The evaluation response includes:

Metric Description
total_samples Number of dataset rows evaluated
passed_samples Rows that passed all scorers
failed_samples Rows that failed one or more scorers
pass_rate Overall pass rate (0.0 - 1.0)
latency_avg_ms Average execution time
latency_p50_ms Median execution time
latency_p95_ms 95th percentile execution time
weighted_score Weighted average across all scorers

Async execution

Dataset evaluations run asynchronously. The Playground returns an eval_run_id that you can poll for status and results.


Trace-to-Test Conversion

Turn production traces into test cases. If you see an interesting or problematic interaction in your gateway traces, you can convert it into a dataset sample for regression testing.

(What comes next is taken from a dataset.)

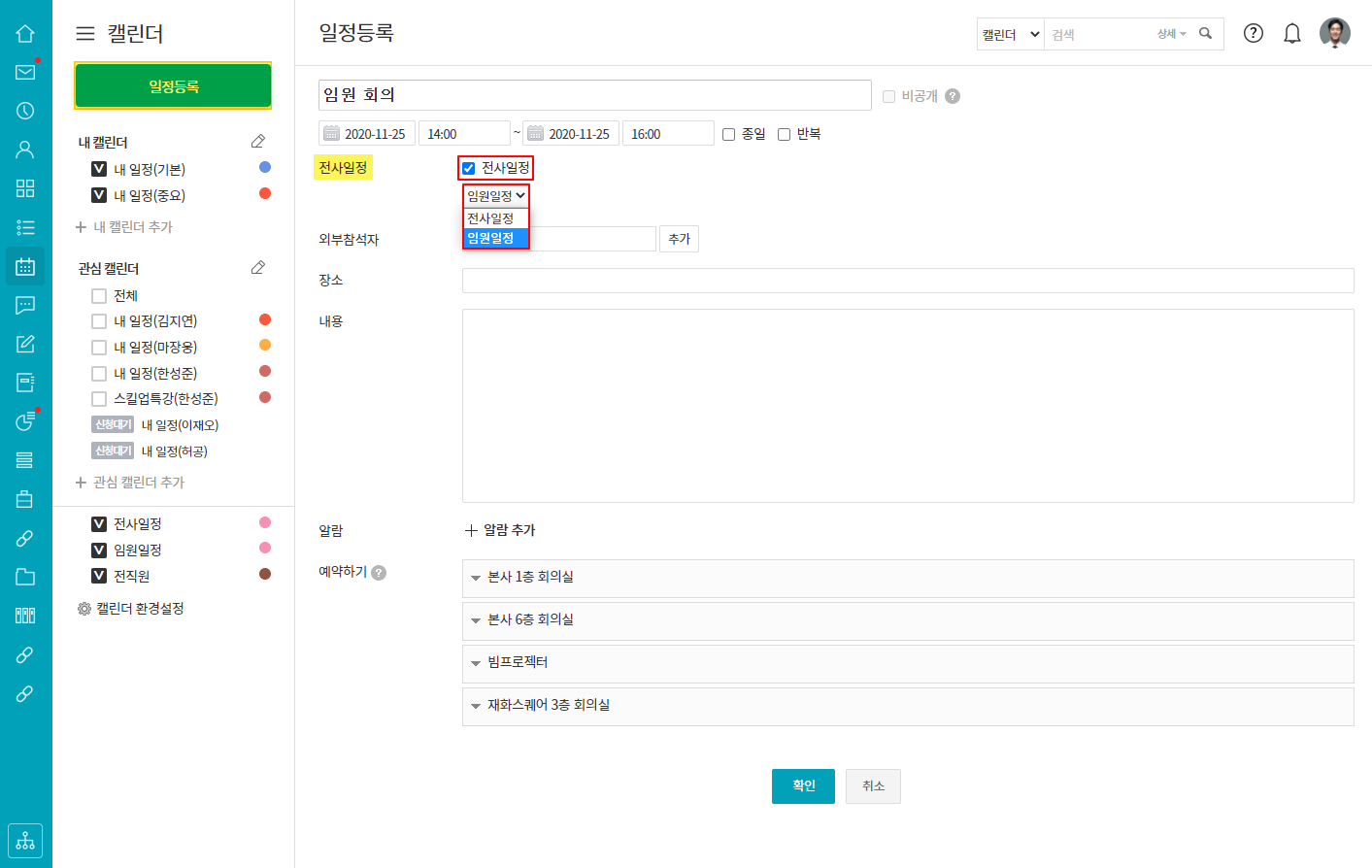 일정 등록 클릭 후 전사 일정에 체크하여 원하는 전사 캘린더를 선택 후 등록하시기 바랍니다.

  1. Select one or more trace IDs from the observability dashboard
  2. Choose an existing dataset or create a new one
  3. Optionally include the original response as expected_output
{
  "trace_ids": ["uuid-1", "uuid-2", "uuid-3"],
  "dataset_name": "Support Edge Cases",
  "include_expected_output": true
}

This creates dataset rows from real traffic, building a test suite grounded in actual usage.


Streaming Execution

All three execution modes have SSE (Server-Sent Events) streaming variants. Streaming endpoints emit real-time events as the agent runs, rather than waiting for the full response.

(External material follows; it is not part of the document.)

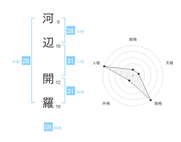 河辺 開羅さんを姓名の画数から五運を鑑定

Endpoint Description Stream Events
POST /playground/execute/stream Execute with overrides (streaming) status, chunk, usage, result, error
POST /playground/compare/stream N-way comparison (streaming) Interleaved per-variant events
POST /playground/evaluate/stream Dataset evaluation (streaming) Per-sample progress events

All streaming endpoints accept the same request body as their non-streaming counterparts and return Content-Type: text/event-stream.

import httpx

base = "https://api.flow.marut.cloud/api/v1/orgs/{org_id}/workspaces/{workspace_id}"

with httpx.stream(
    "POST",
    f"{base}/playground/execute/stream",
    headers={"Authorization": f"Bearer {token}"},
    json={
        "agent_uuid": "...",
        "user_prompt": "Summarize the Q3 financial report",
    },
) as response:
    for line in response.iter_lines():
        if line.startswith("data:"):
            print(line[5:].strip())

Feature flag

Streaming endpoints require the playground feature to be enabled on the workspace.


Using the Playground

All Playground operations are available through the web console.

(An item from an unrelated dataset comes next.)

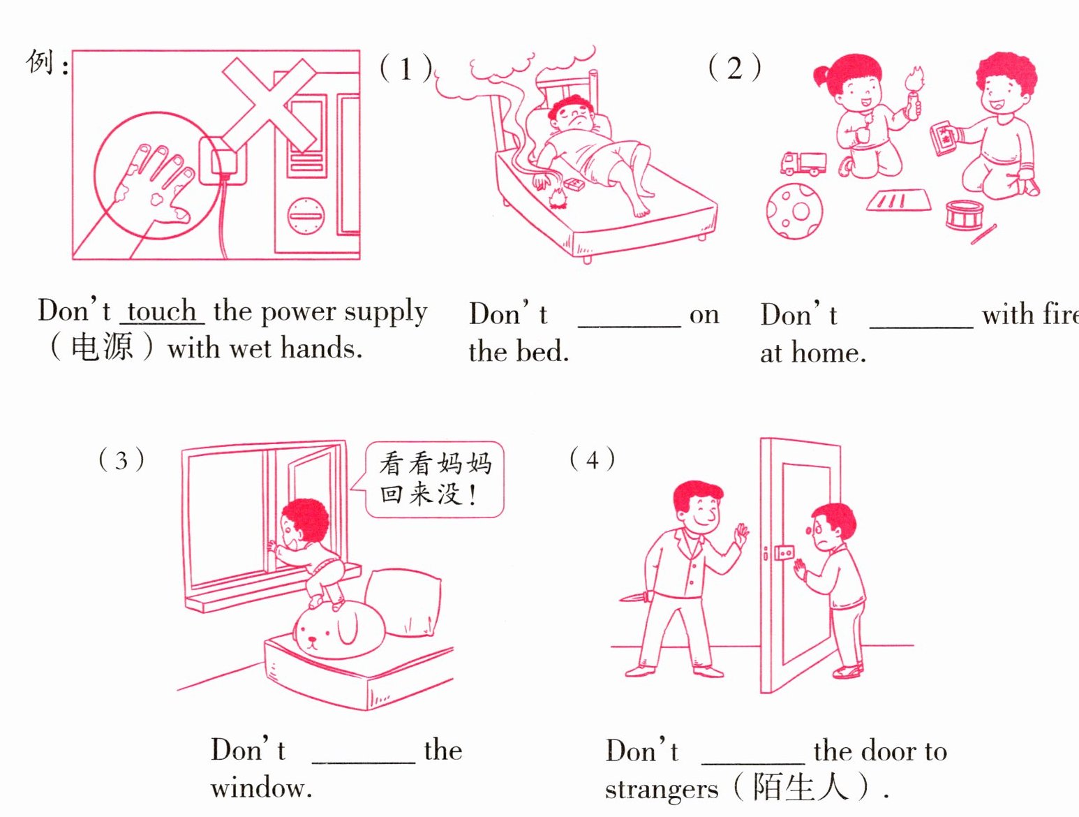 1 乐乐从家里的安全开始思考,你能帮他想想家里都有哪些安全隐患吗?观察下面图片,请将安全隐患圈出来,完成对应的句子。

Navigate to Playground. Select an agent from the dropdown, type a message, and click Run. The results panel shows the agent's output, token usage, latency, and tool call details.

Switch to Compare mode. Configure model, prompt, or temperature overrides for each variant. Enter a prompt and click Compare. Results appear side by side with delta metrics.

Switch to Evaluate mode. Select an agent and a dataset, choose scorers and quality gates, then click Evaluate. The evaluation runs asynchronously — results appear when complete.